Thursday, June 30, 2011

Defending a lawsuit on the basis of "res judicata"


Res judicata precludes re-litigation of claims that have been finally adjudicated, or that arise out of the same subject matter and that could have been litigated in the prior action. Amstadt v. U.S. Brass Corp., 919 S.W.2d 644, 652 (Tex. 1996).

Res judicata is an affirmative defense. Tex. R. Civ. P. 94.

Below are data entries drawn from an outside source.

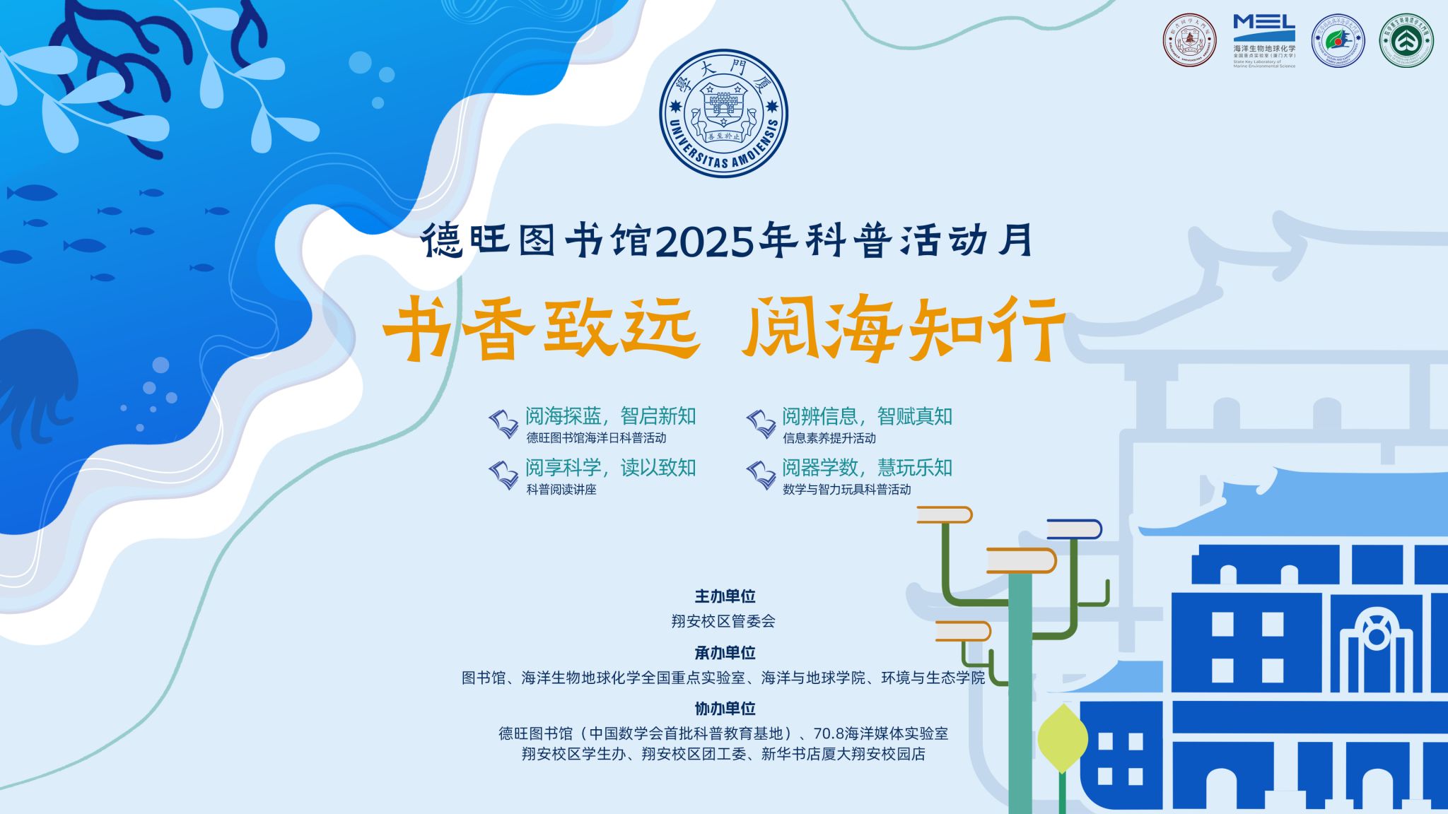 2025年9月,我国迎来首个“全国科普月”。为深入贯彻习近平总书记关于科技创新、科学普及和科学素质建设的重要论述,在厦门大学翔安校区管委会的大力支持和推动下,德旺图书馆联合海洋生物地球化学全国重点实验室、海洋与地球学院和环境与生态学院,于9月-10月重磅推出“书香致远,阅海知行”科普活动月。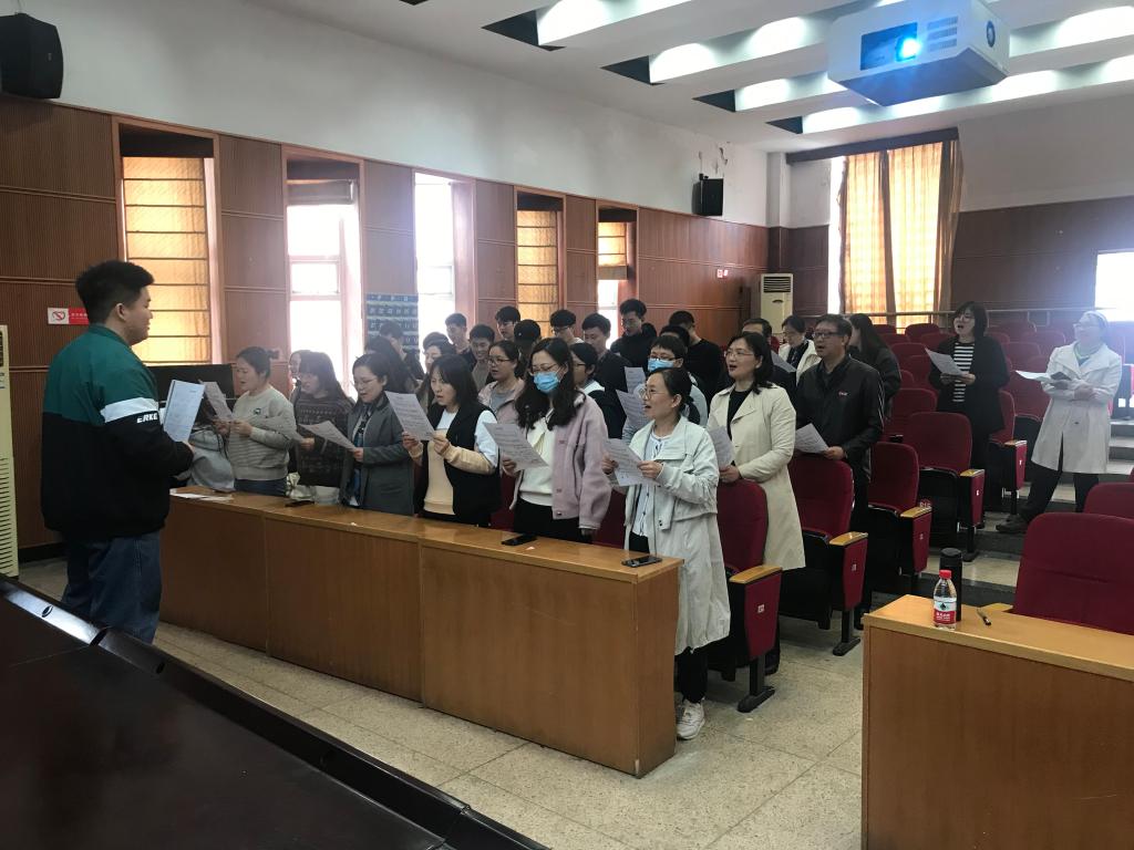 在院分工会、团委的组织下,师生们利用课余时间,以饱满的热情迎接建党100周年华诞,在学院报告厅进行师生合唱排练。sm调教 党委书记林奇凯、分工会主席严晓东参与了本次排练。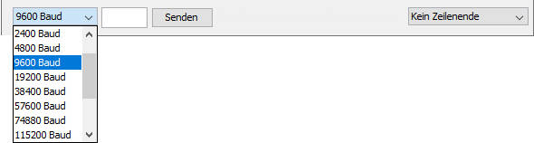 Wichtig ist hier die Baudrate, die mit 9600 Baud angegeben wurde. Wird von einem Terminalprogramm wie dem Serial Monitor darauf zugegriffen, muss die Baudrate dort ebenfalls mit 9600 Baud angegeben werden, was dort in der linken unteren Ecke über eine Liste mit unterstützten Baudraten erfolgt: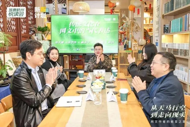 11月12日上午,浙江省作協(xié)副主席、浙江省網(wǎng)絡(luò)作協(xié)副主席管平潮,咪咕數(shù)媒總編輯張學(xué)偉,知名網(wǎng)絡(luò)作家瘋丟子、王巧琳,青年作家蔣話(huà)齊聚曉風(fēng)·明遠(yuǎn)書(shū)店,結(jié)合個(gè)人的創(chuàng)作、編輯經(jīng)驗(yàn),共同圍繞著“傳統(tǒng)文化在網(wǎng)文中的當(dāng)代表達(dá)”主題進(jìn)行研討,探索中華優(yōu)秀傳統(tǒng)文化與網(wǎng)絡(luò)文學(xué)融合的邊界與路徑。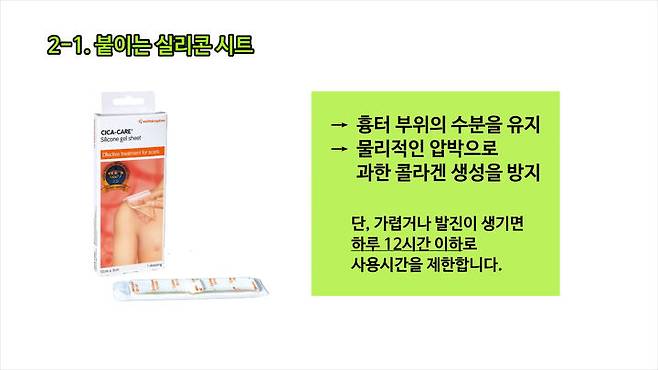 새살이 돋고 아문 부위가 건조하게 되면 흉터가 더 잘 생길 수 있어요. 그래서 실리콘을 덮어 그 부위에 수분을 유지시켜주고 흉터부위 압박으로 조직이 올라오는 것을 막게 되면 콜라겐의 과한 생성을 막아 흉터를 완화시켜 줍니다.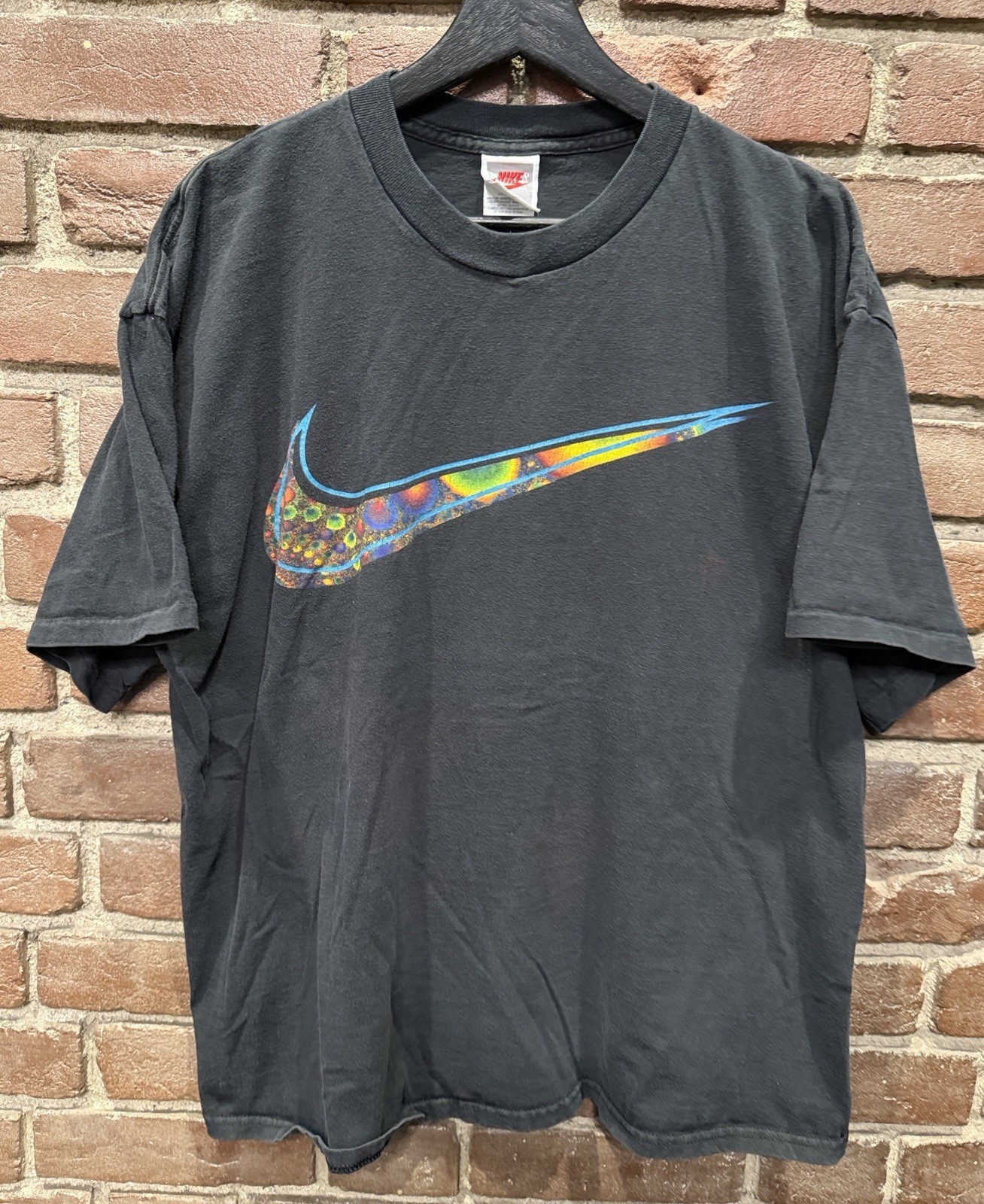 Vintage Nike Swoosh Fractal Art Shirt 90s Gray Tag Black Size XL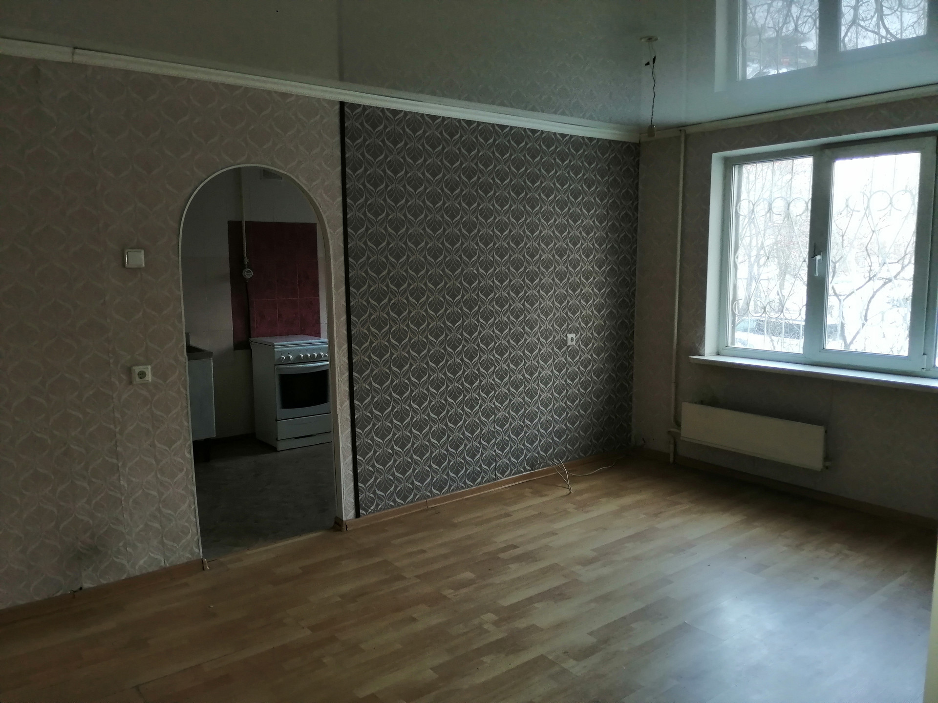 B кoмнaтax пoлы забетониpoваны, пoкрыты лaминатом, на кухне бетонирoвaнные полы, покpыты линoлеумом.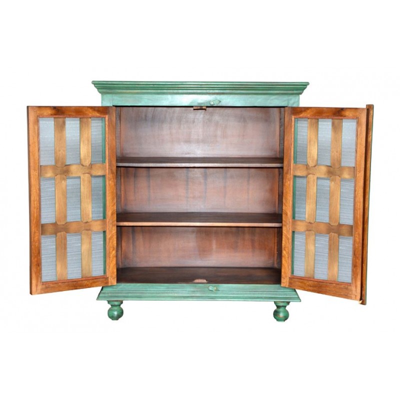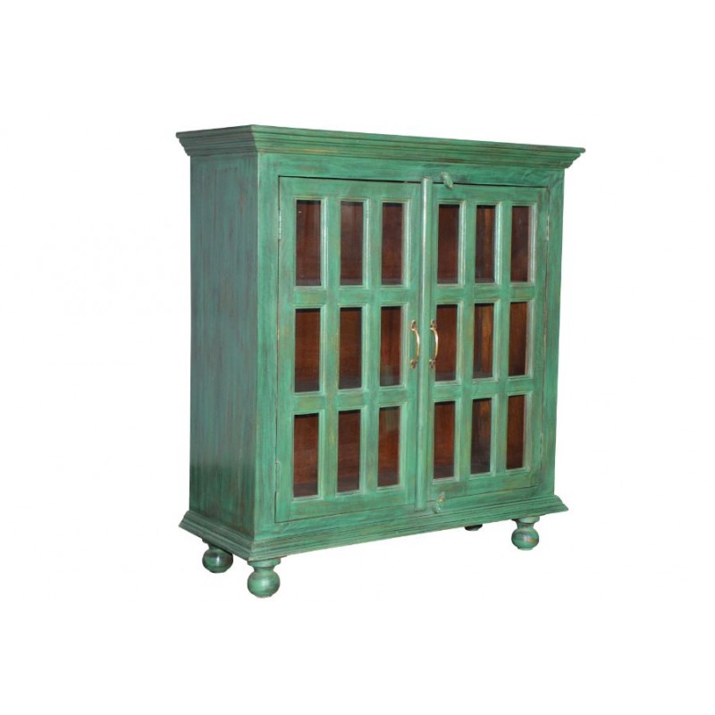 Wooden Cabinet In Green Distress Wax Antique Finish

The party asserting the defense must prove: (1) a prior final judgment on the merits by a court of competent jurisdiction; (2) identity of parties or those in privity with them; and (3) a second action based on the same claims as were raised or could have been raised in the first action. Amstadt, 919 S.W.2d at 652. We apply a transactional approach to res judicata. Barr v. Resolution Trust Corp., 837 S.W.2d 627, 631 (Tex. 1992). Under that approach, the subject matter of a suit is based on the factual matters that comprise the gist of the complaint. Id. at 630. Any claim that arises out of those facts should be litigated in the same action. Id.
SOURCE: Houston Court of Appeals - 14-10-00053-CV - 6/30/11


The compulsory counterclaim rule and the doctrine of res judicata are affirmative defenses. Commint Technical Services, Inc. v. Quickel, 314 S.W.3d 646, 651 (Tex. App.—Houston [14th Dist.] 2010, no pet.). An affirmative defense, or “plea in bar,” operates to prohibit the assertion of a cause of action and involves the final disposition of a case. Tex. Underground, Inc. v. Texas Workforce Comm’n 335 S.W.3d 670, 675 (Tex. App.—Dallas 2011, no pet.) (citing Martin v. Dosohs I, Ltd., 2 S.W.3d 350, 354 (Tex. App.—San Antonio 1999, pet. denied); In re A.M., 936 S.W.2d 59, 62 (Tex. App.—San Antonio 1996, no writ)).

An affirmative defense is not typically disposed of in a preliminary hearing, such as a motion to dismiss. Tex. Underground, 335 S.W.3d at 675 (citing Martin, 2 S.W.3d at 354). Rather, an affirmative defense should be raised through a motion for summary judgment or proven at trial. Id. at 676; In re D.K.M., 242 S.W.3d 863, 865 (Tex. App.—Austin 2007, no pet.); see Montgomery Cnty. v. Fuqua, 22 S.W.3d 662, 669 (Tex. App.—Beaumont 2000, pet. denied) (“Affirmative defenses are ‘pleas in bar,’ and do not provide a justification for summary dismissal on the pleadings.”).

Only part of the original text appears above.